GitHub user yengkhoo created a discussion: Airflow 3 - tasks triggered twice at
a time when scheduler replica is 2
Hi all, I recently upgraded from 2.11.0 to Airflow 3.0.4, and using helm chart
v1.18.0. I am on EKS, have Postgresql 14 as the database and using Kubernetes
executor.
After the upgrade, I observed that when I have 2 scheduler replicas running,
sometimes a task gets triggered twice at the same time and one of the pod will
then fail with error below. This issue also leads to missing logs (external
logging to S3 is enabled) sometimes for the tasks that were triggered twice,
where there's no logs found at all even in S3 bucket.

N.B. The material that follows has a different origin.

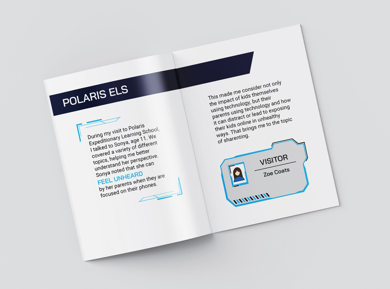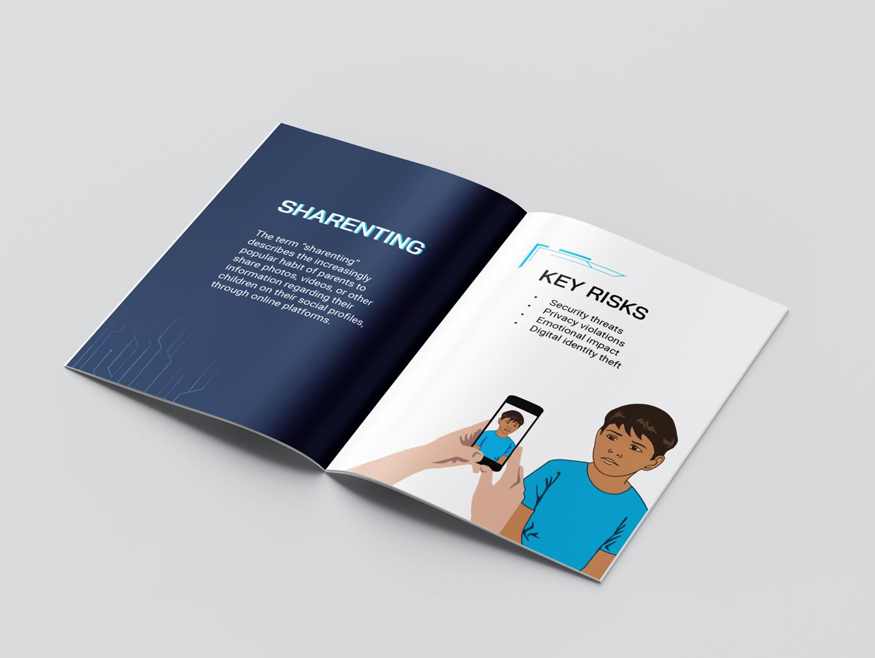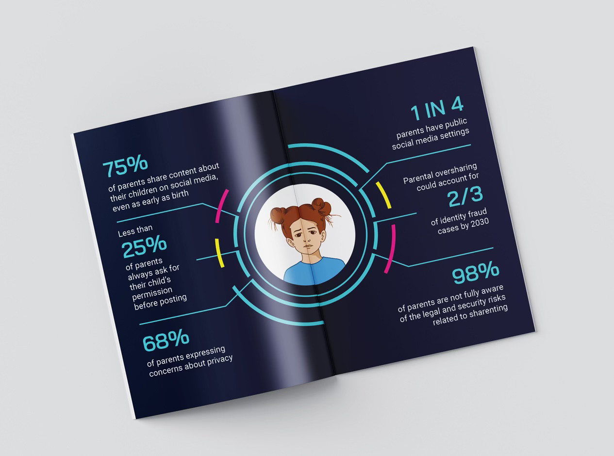 This poster explores the privacy implications of "sharenting" and the permanent digital identity parents create for their children from an early age. It was created for submission to the ARTtention Prague International Poster Festival, following the theme of “All children are our children.” A small zine further explores the concept of sharenting.

My scheduler pod(s) also
have intermittent restarts with Liveness probe failure, but they wont have
restarts until the worker pods starts failing.
Once I reduced the scheduler replica to 1, I no longer see the issues of worker
pods failing and missing logs. But scheduler pod still gets intermittent
restarts.
I also
- tested with Airflow 3.0.0/3.0.6 and faced the same problem.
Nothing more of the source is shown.